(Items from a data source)
▬▬▬

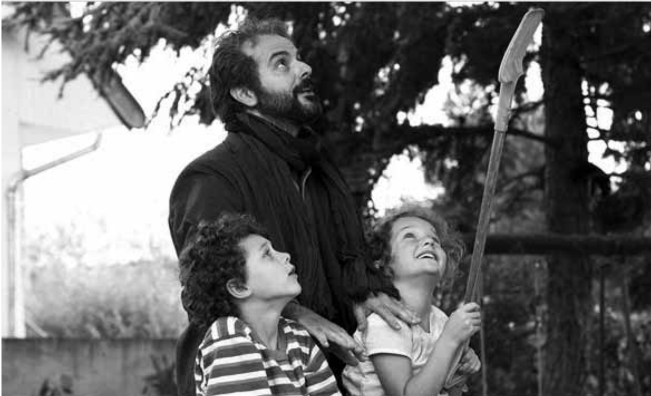
In „Le passé“ begegnet dem Zuschauer eine Patchworkfamilie mit viel Sprengstoff.
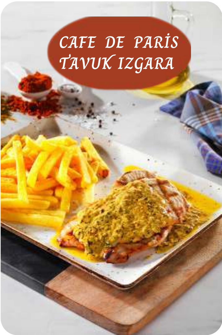
CAFE DE PARIS TAVUK IZGARA
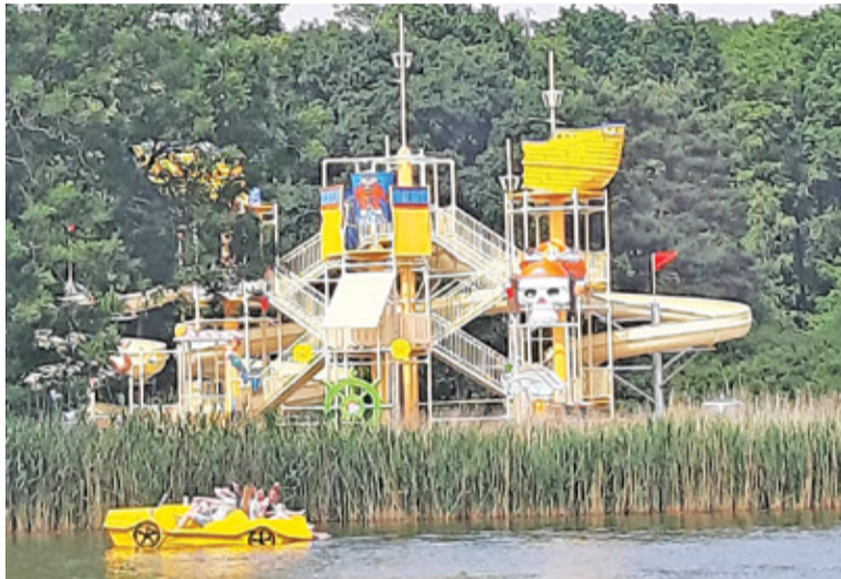
Park wodny był samowolą budowlaną, która została następnie zalegalizowana przez PINB w Piasecznie

– Nadto Rafałowi K. zarzucono posłużenie się podrobionymi dokumen-
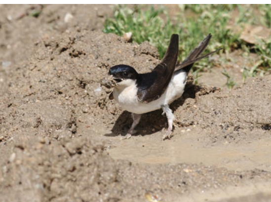
Huiszwaluw – Fons Van den heuvel
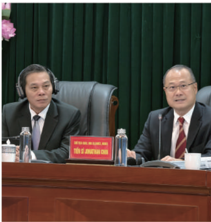
■ 海防市市長阮文松（左）向團員介紹該市最新發展。
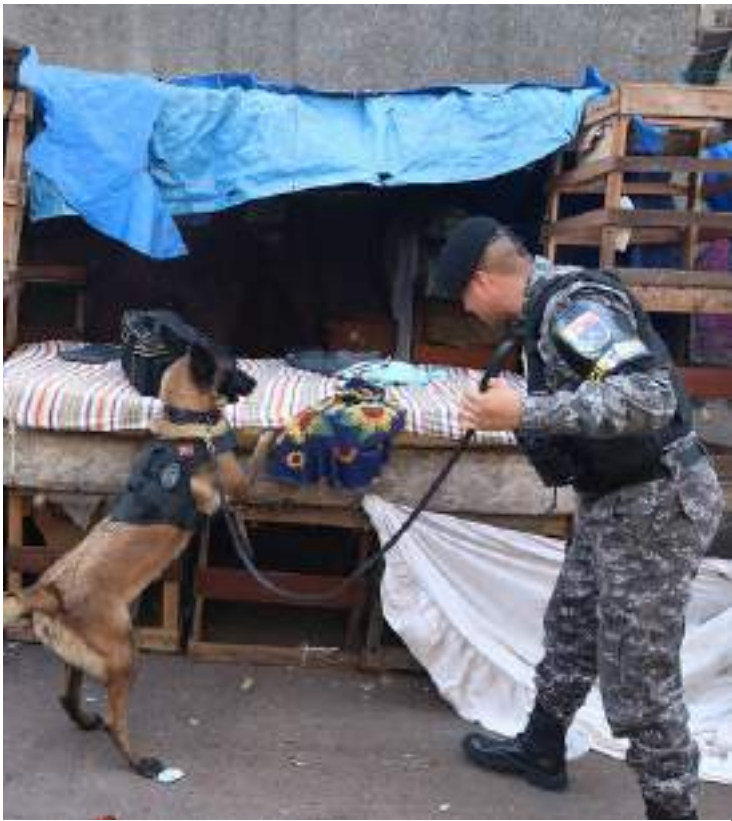
Investimento em segurança pública é uma das alternativas do governo para combater o narcotráfico
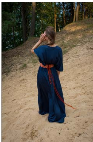
2. attēls. Antīkās konstrukcijas tērps.

Lai pētītu etnogrāfiskā piegriezuma tērpus, pavasara / vasaras tērpu kolekcijā „Labs nāk ar gaidīšanu”, kas tika demonstrēta modes skatē “Ķīpsalas pavasaris’14”, tika iekļauti apģērbi, kuru konstrukcijas tika veidotas, par pamatu ņemot etnogrāfisko tērpu konstrukcijas.
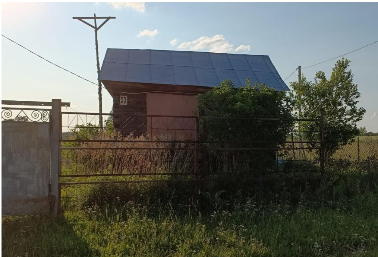
Соседний дом 536

▬▬▬

Task objective ▸ Above are the records; copy them exactly without the pictures.

Response to this task ▸
In „Le passé“ begegnet dem Zuschauer eine Patchworkfamilie mit viel Sprengstoff.
CAFE DE PARIS TAVUK IZGARA
Park wodny był samowolą budowlaną, która została następnie zalegalizowana przez PINB w Piasecznie

– Nadto Rafałowi K. zarzucono posłużenie się podrobionymi dokumen-
Huiszwaluw – Fons Van den heuvel
■ 海防市市長阮文松（左）向團員介紹該市最新發展。
Investimento em segurança pública é uma das alternativas do governo para combater o narcotráfico
2. attēls. Antīkās konstrukcijas tērps.

Lai pētītu etnogrāfiskā piegriezuma tērpus, pavasara / vasaras tērpu kolekcijā „Labs nāk ar gaidīšanu”, kas tika demonstrēta modes skatē “Ķīpsalas pavasaris’14”, tika iekļauti apģērbi, kuru konstrukcijas tika veidotas, par pamatu ņemot etnogrāfisko tērpu konstrukcijas.
Соседний дом 536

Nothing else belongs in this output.